Woodside Looks for Headway on Stalled Browse LNG Project

MELBOURNE, Australia--Woodside Petroleum Ltd. could put its stalled Browse gas-export project back on the drawing board later this year as it looks to an anticipated market shortfall of liquefied natural gas in the years ahead.

The Australian oil-and-gas producer is considering options to leverage existing infrastructure in Australia's far west, bringing in natural-gas from new offshore fields. That includes targeting a fresh development plan for Browse by the end of the year and pushing ahead with studies to possibly expand its Pluto operation.

Woodside and its partners shelved plans in early 2016 for a floating vessel that would draw in and process gas because they couldn't drive production costs low enough amid a slump in oil prices. The project had already been delayed several times and the plans altered from earlier onshore concepts.

Australia has been an epicenter of LNG development in recent years, with more than US$200 billion committed to vast projects to chill and ship natural gas, setting it up to overtake Qatar as the world's leading LNG exporter.

Last month, Malaysia's state-owned Petroliam Nasional Bhd., or Petronas, blamed prolonged low gas prices for scrapping a multi billion-dollar plan to build the Pacific NorthWest LNG project on Canada's west coast. The same month, Qatar Petroleum said it planned to increase LNG supplies by 30% over the next seven years, doubling the size of a major project in a massive subsea Persian Gulf gas field shared with Iran.

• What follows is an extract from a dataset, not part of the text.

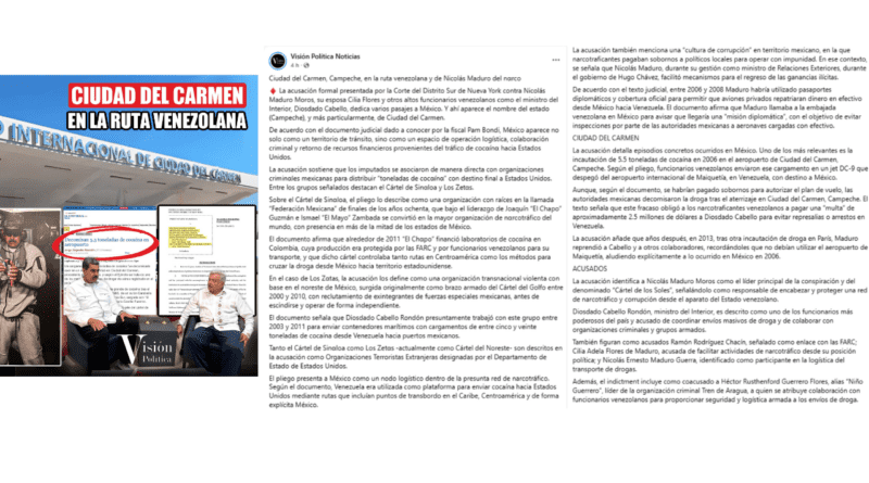 En la acusación formal que presentó la Corte del Distrito Sur de Nueva York contra Nicolás Maduro Moros, su esposa Cilia Flores y otros altos funcionarios venezolanos como el ministro del Interior, Diosdado Cabello, dedica varios pasajes a México, entre ellos el nombre del Estado (Campeche), particularmente el de Ciudad del Carmen, reportó la página Visión Política.

"Only the lowest-cost supply will get into the market," Woodside Chief Executive Peter Coleman said in an interview Wednesday, after the energy company reported a jump in its first-half profit.

While new "mega greenfield" projects need to be underpinned by longer-term supply contracts, developments that are built around existing liquefaction operations have a cost and risk advantage.

Mr. Coleman said the company's "brownfield" projects could be ready for a final investment decision from late 2019, the early part of a prospective window if supply is to be ready to meet a forecast market shortfall. Although global supply has surged in recent years, LNG demand has continued to grow and supply has been absorbed by existing buyers in Japan, Korea and China as well as newer users, including India, he said.

The preferred option for Browse would be to run its gas through the established North West Shelf operation and gas from the Scarborough field, also off Western Australia, through Pluto, Mr. Coleman told investors during a post-results briefing. Venture partners in Browse have agreed to using North West Shelf as the reference for any development, although agreement would depend on terms and conditions, he said.

The Browse project sits on an estimated resource of 15.4 trillion cubic feet of dry gas, plus 453 million barrels of condensate, in a basin about 425 kilometers north of Broome in Western Australia. Woodside and partners in late 2013 decided to push ahead with unproven floating technology and undersea development to produce LNG and in mid-2015 agreed on the front-end engineering and design phase of the project.

Woodside has an almost 31% stake in the Browse venture, while Royal Dutch Shell PLC has a 27% interest and BP PLC a little over 17%. The other partners include Japan Australia LNG and PetroChina Co.

Woodside has tipped a modest slide in production this year before it climbs about 15% through 2020, driven by the start-up of the US$34 billion Wheatstone LNG project being developed by Chevron Corp. and its own Greater Enfield oil project. The company also is positioning to boost its LNG capacity in the coming years, increase output at its Pluto LNG plant and potentially use its facilities as a hub for undeveloped gas fields in the region.

On Wednesday, Woodside said its half-year net profit climbed 49%, lifted by a recovery in oil and liquefied natural gas prices and reduction in costs. Profit was US$507 million in the six months through June, after sliding in line with crude-oil prices a year ago to US$340 million.

With the rise, the Perth-based energy company said it would pay an interim dividend of US$0.49 a shares, a 44% increase on last year.

Late last month, the company reported a 3.6% dip in half-year operating revenue to US$1.87 billion from US$1.94 billion, as sales volumes fell by a little over 9% on-year. However, the average price realized for its products was 10% higher for the period.

The company derives most of its earnings from LNG through output from the North West Shelf project, which has been operating since 1984, and Pluto which began producing in 2012. Much of the output is secured by long-term supply contracts, which tend to be priced against oil.